§ SUPPLIED RECORDS

_ _ _ _

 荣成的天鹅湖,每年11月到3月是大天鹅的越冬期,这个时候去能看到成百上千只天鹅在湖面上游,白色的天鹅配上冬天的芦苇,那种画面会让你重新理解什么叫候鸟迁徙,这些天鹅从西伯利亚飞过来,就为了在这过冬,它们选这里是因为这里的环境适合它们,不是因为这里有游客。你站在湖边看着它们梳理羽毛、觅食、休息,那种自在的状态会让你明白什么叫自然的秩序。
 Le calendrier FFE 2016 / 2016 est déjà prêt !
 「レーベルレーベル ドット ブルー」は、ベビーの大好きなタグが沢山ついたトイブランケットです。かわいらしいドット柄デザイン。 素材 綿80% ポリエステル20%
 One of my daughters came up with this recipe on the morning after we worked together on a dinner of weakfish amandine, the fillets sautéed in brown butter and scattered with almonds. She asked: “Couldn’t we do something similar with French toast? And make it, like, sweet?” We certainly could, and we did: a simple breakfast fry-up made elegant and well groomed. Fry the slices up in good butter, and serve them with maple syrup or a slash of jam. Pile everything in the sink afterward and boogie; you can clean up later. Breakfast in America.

_ _ _ _

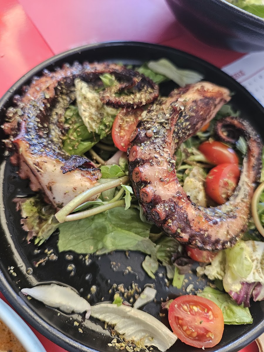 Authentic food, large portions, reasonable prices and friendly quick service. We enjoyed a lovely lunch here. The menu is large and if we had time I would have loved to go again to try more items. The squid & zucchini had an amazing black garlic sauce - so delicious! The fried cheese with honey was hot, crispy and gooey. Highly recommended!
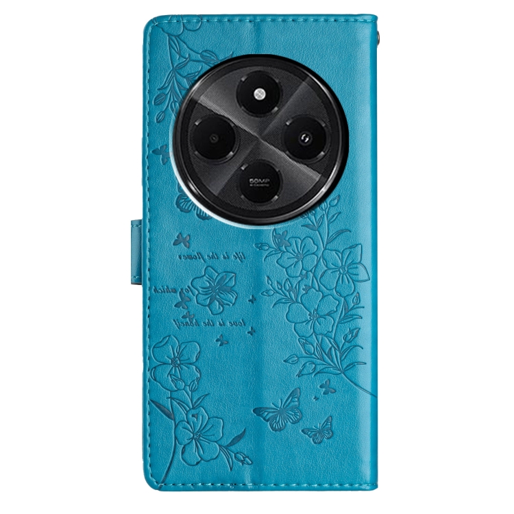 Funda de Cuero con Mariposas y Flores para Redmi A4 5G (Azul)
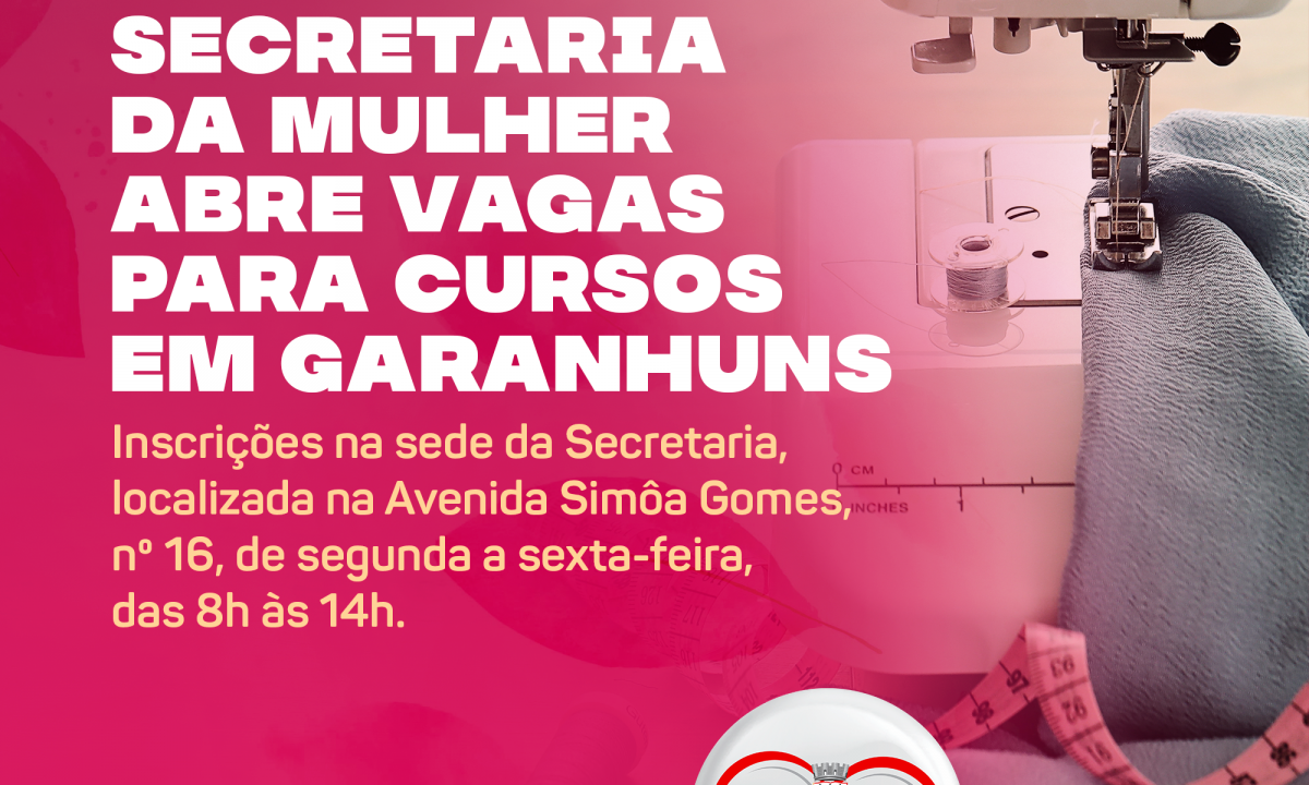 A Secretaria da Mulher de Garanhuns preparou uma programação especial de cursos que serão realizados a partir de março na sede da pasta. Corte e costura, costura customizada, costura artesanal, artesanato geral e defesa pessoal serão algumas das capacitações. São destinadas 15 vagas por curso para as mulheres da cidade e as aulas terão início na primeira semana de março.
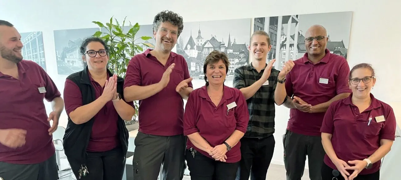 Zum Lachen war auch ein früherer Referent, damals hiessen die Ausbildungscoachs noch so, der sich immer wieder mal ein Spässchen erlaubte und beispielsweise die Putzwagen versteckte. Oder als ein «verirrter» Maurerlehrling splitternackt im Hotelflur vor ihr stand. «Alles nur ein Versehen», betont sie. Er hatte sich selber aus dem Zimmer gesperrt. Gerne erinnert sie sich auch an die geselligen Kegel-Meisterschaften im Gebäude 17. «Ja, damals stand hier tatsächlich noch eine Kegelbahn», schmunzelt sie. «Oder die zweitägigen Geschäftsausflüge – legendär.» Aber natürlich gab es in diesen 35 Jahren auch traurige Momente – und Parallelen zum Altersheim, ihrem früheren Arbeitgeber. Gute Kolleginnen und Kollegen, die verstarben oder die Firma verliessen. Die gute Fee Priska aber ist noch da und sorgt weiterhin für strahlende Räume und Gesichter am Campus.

_ _ _ _

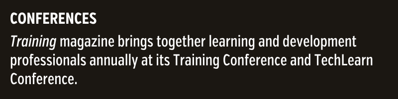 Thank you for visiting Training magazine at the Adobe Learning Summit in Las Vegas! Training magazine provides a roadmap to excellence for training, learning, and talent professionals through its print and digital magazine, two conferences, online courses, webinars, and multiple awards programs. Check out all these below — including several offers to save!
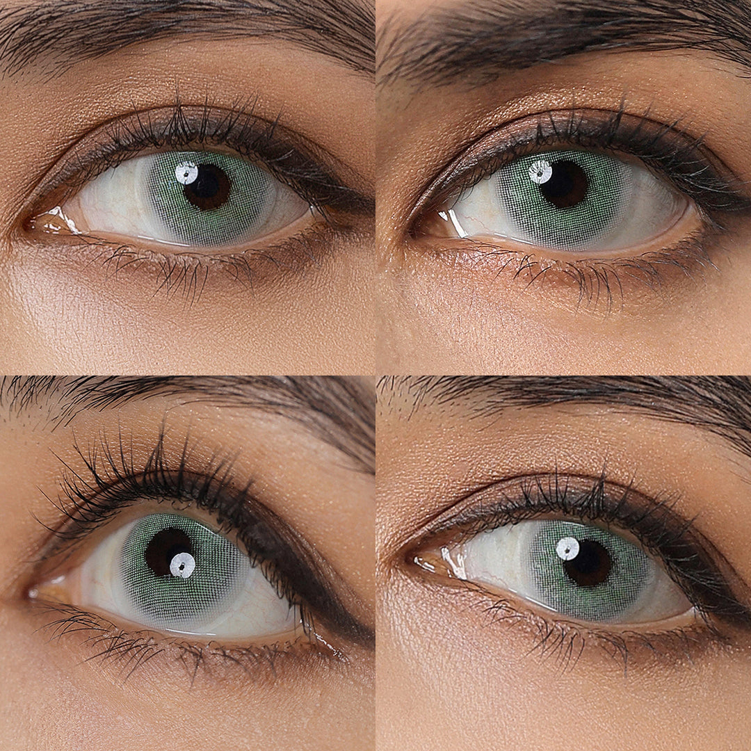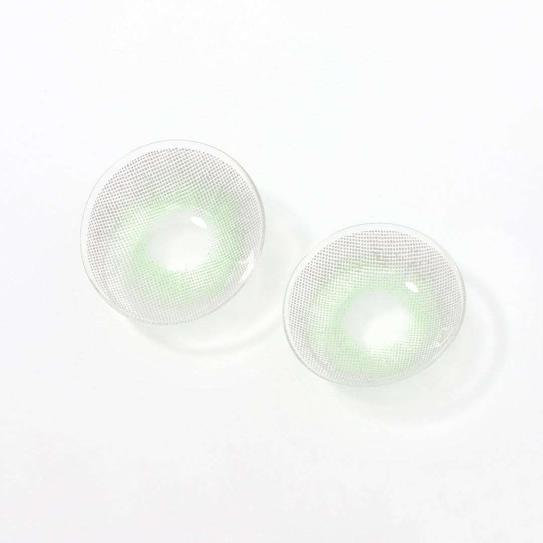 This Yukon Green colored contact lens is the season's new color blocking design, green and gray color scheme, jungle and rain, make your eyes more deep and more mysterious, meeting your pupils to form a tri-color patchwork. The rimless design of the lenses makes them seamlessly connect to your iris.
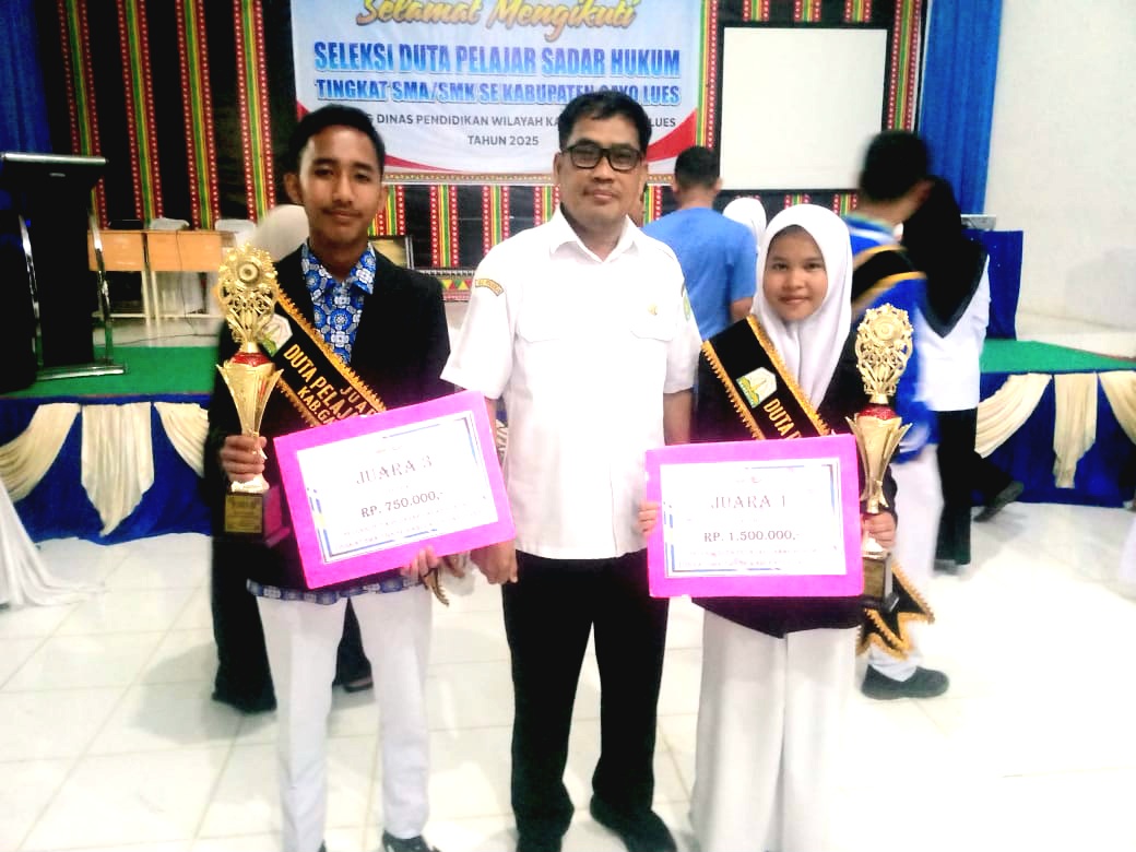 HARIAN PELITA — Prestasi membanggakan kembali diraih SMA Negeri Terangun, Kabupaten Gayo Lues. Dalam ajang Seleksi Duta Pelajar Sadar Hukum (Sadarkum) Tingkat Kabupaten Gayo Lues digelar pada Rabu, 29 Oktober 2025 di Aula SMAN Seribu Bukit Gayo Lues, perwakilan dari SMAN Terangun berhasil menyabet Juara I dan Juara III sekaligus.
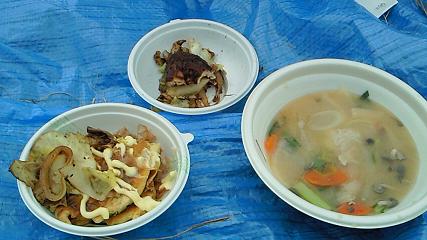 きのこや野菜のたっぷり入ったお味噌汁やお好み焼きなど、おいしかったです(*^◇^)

_ _ _ _

§ TASK BRIEF
Print, without alteration, only the lines above between the one holding "荣成的天鹅湖,每年11月到3" and the one holding "One of my daughters", inclusive.

§ RESULT OF THIS EXERCISE
 荣成的天鹅湖,每年11月到3月是大天鹅的越冬期,这个时候去能看到成百上千只天鹅在湖面上游,白色的天鹅配上冬天的芦苇,那种画面会让你重新理解什么叫候鸟迁徙,这些天鹅从西伯利亚飞过来,就为了在这过冬,它们选这里是因为这里的环境适合它们,不是因为这里有游客。你站在湖边看着它们梳理羽毛、觅食、休息,那种自在的状态会让你明白什么叫自然的秩序。
 Le calendrier FFE 2016 / 2016 est déjà prêt !
 「レーベルレーベル ドット ブルー」は、ベビーの大好きなタグが沢山ついたトイブランケットです。かわいらしいドット柄デザイン。 素材 綿80% ポリエステル20%
 One of my daughters came up with this recipe on the morning after we worked together on a dinner of weakfish amandine, the fillets sautéed in brown butter and scattered with almonds. She asked: “Couldn’t we do something similar with French toast? And make it, like, sweet?” We certainly could, and we did: a simple breakfast fry-up made elegant and well groomed. Fry the slices up in good butter, and serve them with maple syrup or a slash of jam. Pile everything in the sink afterward and boogie; you can clean up later. Breakfast in America.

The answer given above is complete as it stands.